You are on page 1of 1

dirty words: law, media, and language in the AIB roast

Arpita Ghosh
Assistant Professor of English
Ramananda Centenary College
West Bengal
arpita89ghosh@gmail.com
This paper intends to investigate questions of affect, accessibility and pedagogy in engaging with
media and law. Drawing upon Lawrence Liangs talk on dance and Copyright (Dance like a
Book: Copyright and its Conundrums) in which he theorizes an epistemological lack in
understandings of Copyright and its subject(s) of regulation that is aesthetic, ethical, and
affective at the same time, I hope to arrive at an understanding of the legality of public
performances and their afterlives in media spaces such as YouTube.
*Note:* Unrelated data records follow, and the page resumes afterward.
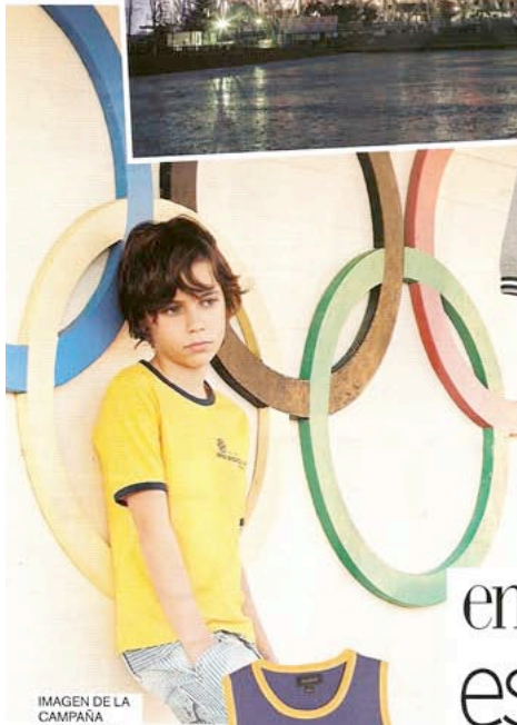
IMAGEN DE LA CAMPANA PUBLICITARIA DE JOE BLACK.
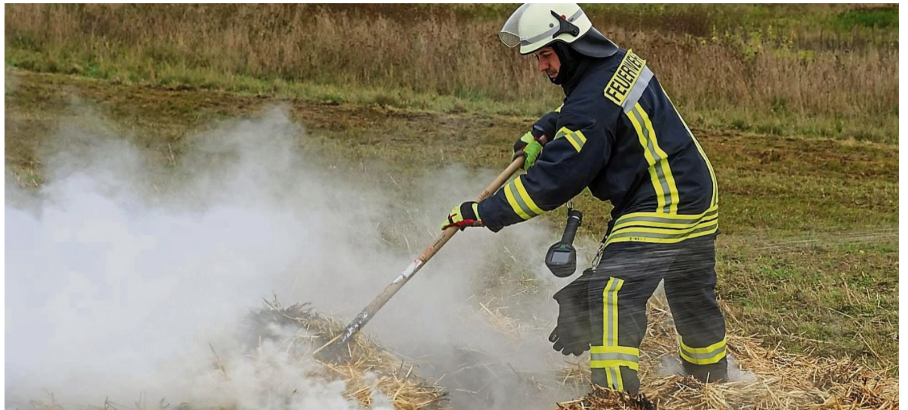
Ein Feuerwehrmann löscht ein Feuer, das innerhalb der Übung erledigt werden musste.

Der Zug aus Fritzlar wurde nach Ermetheis an eine Scheune geschickt, dort war es zu einem Blitzeinschlag gekommen. Erschwerend kam für die Fritzlarer hinzu, dass in der Scheune acht bis zehn Wanderer Schutz vor dem Unwetter gesucht haben und nun als vermisst galten. Bedingt durch die angenommene Trockenheit des Sommers musste ein Ausbreiten des Brandes auf angrenzende Baumbestände vermieden werden. Es galt neben den Rettungsmaßnahmen und dem Löscheinsatz eine Riegelstellung aufzubauen, so Martin. Der Zug aus Gudensberg wur-
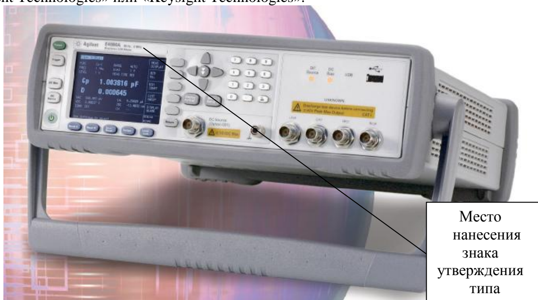
Рисунок 1 Внешний вид измерителей и место нанесения знака утверждения типа

При оформлении внешнего вида измерителей могут использоваться логотипы компаний «Agilent Technologies» или «Keysight Technologies».
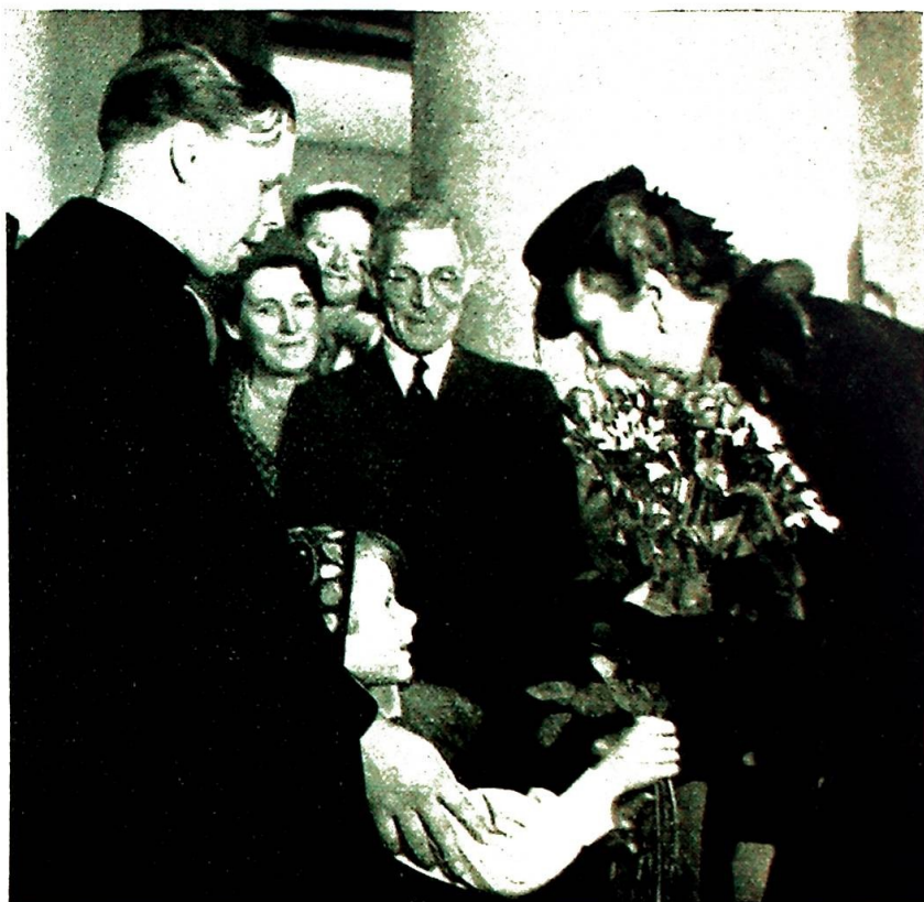
Ulrikke Greve overrekker Kronprinsessen blomster.
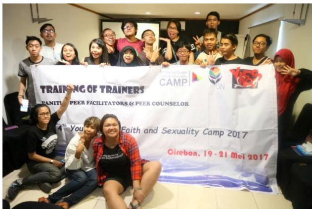
Campamento juvenil, YIFOS, Indonesia, sudeste asiático

Los proyectos que se implementaron pero que no requirieron financiamiento incluyeron trabajo de:
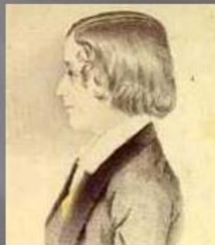
Старший сын, Александр Александрович Пушкин (1833-1914г.)
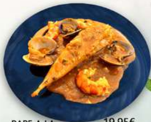
19,95€ RAPE A LA MARINERA Rap a la marinera Monkfish a la mariniera
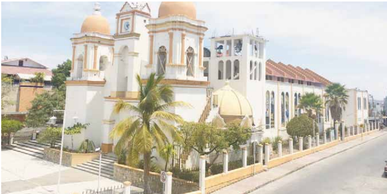
► La iglesia de la población ya tiene daños que impide que se celebren misas para los feligreses.

Otro sismo de 5.3 grados se registró a las 11:46 de la mañana con epicentro a 88 kilómetros de Pinotepa Nacional.
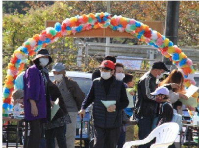
中谷の「花」のアーチの受付
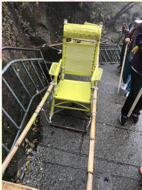
圖七 黃山提供坐轎遊山服務

三天兩夜的黃山深度遊歷後心得，建議遊黃山最好跟團前往，因黃山範圍有1200平方公里，其山路極為複雜遙遠若非有專業導遊帶領，容易在山中迷路或是時間掌握不當導致無法順利抵達飯店，在山內並無路燈山高險峻夜走黃山是相當危險；另外需要評估自己的體力，黃山是不走回頭路的，在山裡一切要靠雙腳，所以建議欲遊黃山者需視體力情況再行前往，不過當地亦有販賣登山杖及提供坐轎遊山的貼心之服務。
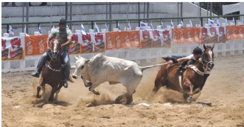
Figura 2. Dúvida do toque da parte superior do boi na primeira faixa (exemplo 1).

Nas Figuras 1, 2, 3 e 4 têm-se casos duvidosos sobre o toque ou não das partes superiores do boi na primeira faixa de pontuação.
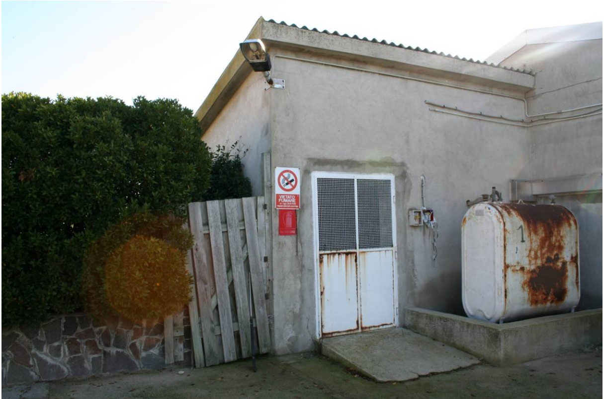
75 – BOX INGRASSO – Centrale Termica – (Particella 156)
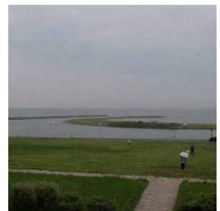
葛西臨海公園・葛西海浜公園 (臨海町六丁目)

葛西沖開発土地区画整理事業の海面埋め立てにより造成された地域で、高層の団地群や流通業務団地、大規模公園が建設され、親水公園や街路樹など豊かな水と緑が計画的に配置されたまちなみが形成されています。
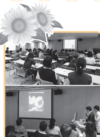
2016年7月9日(土)、2016年度第1回市民公開講座が開催されました。今回は、医師・臨床検査技師の講演とエコーの実演を行いました。

Henry Jenkins work on
Convergence Culture as well as Martha Nussbaums theorization of affect in law will also be
important methodological tools for this investigation.
Traditionally, media and technology studies has sidestepped the questions of law and legality,
while legal formulations of media and public spaces do not mostly engage with issues of cultural
signification or critically employ close reading practices of Culture studies. Hoping to bridge
this pedagogical and philosophical divide, my particular focus will be All India Bakchods roast
held in Mumbai on 20 December, 2014, and its subsequent afterlife on YouTube from 28
January, 2015 to 3 February, 2015. I view the deployment of a language of controversy,
disgust, being upset, obscenity, and so on around the roast as demanding a greater and more
nuanced examination than is current the framing of the issue has largely been in terms of
concerns over freedom of artistic expression, volition and access to such media spaces,
censorship, and so on.
Keywords: Publics, law, media, affect, convergence culture, urban.